Fantasy Focus
- Genre: Sports talk Comedy
- Running time: ~1 hour
- Country of origin: USA
- Home station: ESPN (2007-)
- Starring: Stephania Bell Matthew Berry Eric Karabell Field Yates Tristan H. Cockcroft Doug Kezirian John Cregan Tom Carpenter
- Original release: 2007 – present

= Fantasy Focus (podcast) =

Fantasy sports podcast

Fantasy Focus is a sports talk podcast devoted to fantasy sports. The show is available on iTunes, and ESPN Podcenter. The baseball show is hosted by Eric Karabell and Tristan Cockcroft, along with producer Daniel Dopp and injury analyst Stephania Bell. The football show is hosted by Field Yates, along with Bell, Dopp and Kyle Soppe. Matthew Berry hosted until 2022 when he took a position with NBC Sports. Nate Ravitz hosted until 2014, when he took on an internal position at ESPN, and was replaced by Yates. The basketball show was hosted by Doug Kezirian, John Cregan and Tom Carpenter until its completion.

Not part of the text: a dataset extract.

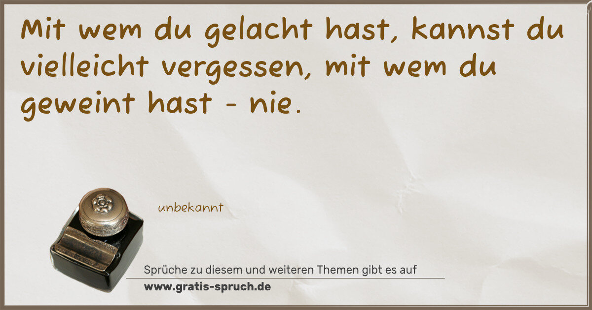 Mit wem du gelacht hast, kannst du vielleicht vergessen, mit wem du geweint hast - nie.

The Fantasy Focus Football podcast is ESPN's most downloaded original-content podcast (and second overall behind only the podcast version of Pardon the Interruption). It consistently ranks among the top ten podcasts on iTunes and in August 2009, was the #1 audio podcast on all of iTunes. The show has won a total of five awards from PodcastAwards.com, including "Best Sports Podcast" in 2009, 2011, and 2012, and the overall "People's Choice" podcast in 2009 and 2012.

==Segments==

===The Name Game===
"The Name Game" is a rapid-fire question and answer segment, in which two players' values are compared against each other, with one ultimately being deemed the better choice based upon the fantasy league being discussed. The players discussed are often requested by listeners of the show, who submit their questions via email.

===The Board===
Ravitz, Berry, Karabell and Cockcroft make contradicting predictions on many zany issues, including how players will fare in an upcoming fantasy season, single week performance, and pop culture issues. These predictions are tracked "on the board", with the winner being the host who has the most accurate predictions at the end of the season.

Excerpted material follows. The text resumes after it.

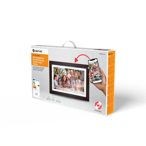 Díky aplikaci FUMO Můžete bezdrátově odesílat obrázky přímo z telefonu a připojení Wi-Fi umožňuje sdílení dětinsky jednoduché. Stylové hnědé pouzdro se hodí ke každému interiéru a univerzální noha umožňuje nastavit rám svisle nebo vodorovně.

===Cousin of the Podcast===
Prior to taking over as co-host of the Fantasy Focus Baseball Podcast from Matthew Berry and Nate Ravitz Cockcroft was a frequent contributor. So much so that he earned the nickname "Cousin of the Podcast." Often taking the role of analyst alongside Ravitz, Cockcroft's fondness to calling player "streaky" was made famous by an oft-used drop on the show.

===And Sometimes Karabell and Cockcroft===
In 2013, Karabell and Cockcroft took over as co-hosts of the Friday edition of Fantasy Focus Baseball Podcasts. The change led Podcast theme songwriter Eric Hutchinson to produce a modified version of the theme song to be played on days when Cockcroft and Karabell hosted the show.

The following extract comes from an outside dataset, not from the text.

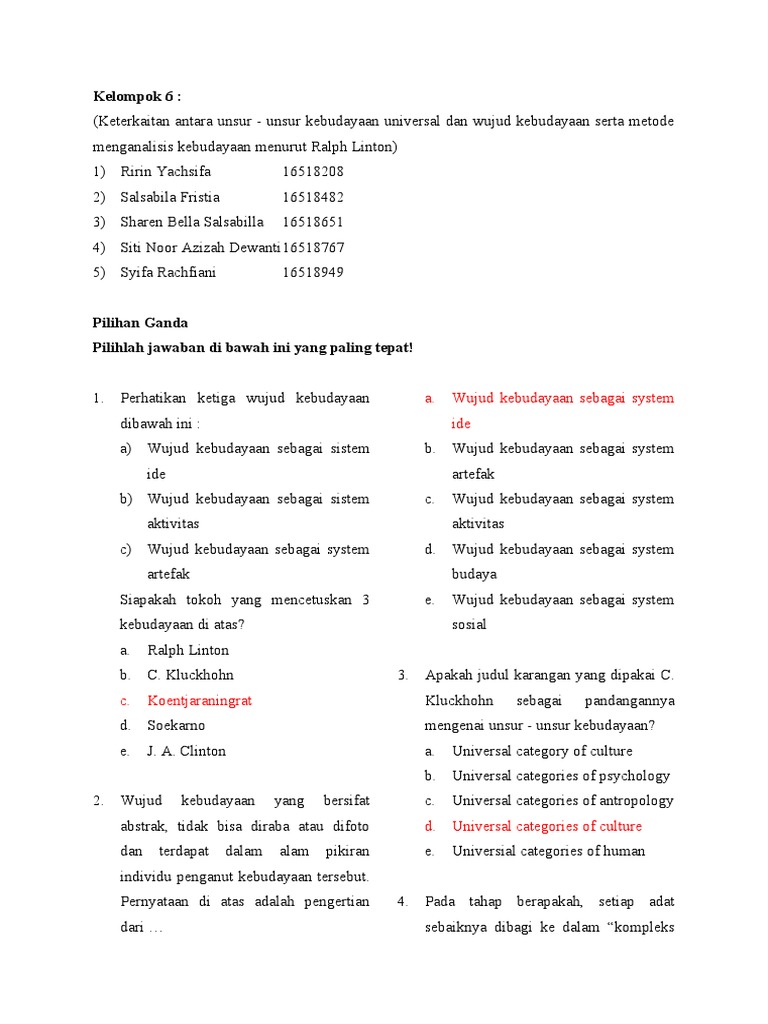 1. Jelaskan pengertian budaya menurut linton 2. Sebutkan 7 unsur …

===Co-Host of Fantasy Focus Baseball Podcast===
On January 28, 2014 the era of Cockcroft and Karabell as full-time hosts of the Fantasy Focus Baseball Podcast began.

===Football Today Rivalry===
Soderberg commonly stated that he preferred producing the other ESPN podcast ESPN Football Today. Many hours of banter were created from this topic.

===League Formerly Known as the Man's League===
Cockcroft and Karabell are hosts of "The Man's League," a fantasy baseball league in which the listeners of the show play against Cockcroft, Karabell, and the show's producer, Jay Soderberg (aka Pod Vader). The "Man's League" was originally named as such due to the high number of team owners the league has, requiring participants to be knowledgeable of lesser known professional baseball players to be competitive. As of March 7, 2014, Cockcroft and Karabell have yet to officially announce the name of the league formerly known as the Man's League. However, they have indicated that admission to said league will be determined by Cockcroft, Karabell, and Soderberg on the simple basis of whether a listener's email can impress them.

===Geeky Stat of the Day===
One addition to the show brought by Cockcroft in the 2014 season is the Geeky Stat of the Day. During this segment of the show Cockcroft delivers an arcane stat that he expects will be useful to listeners as they evaluate their own fantasy teams.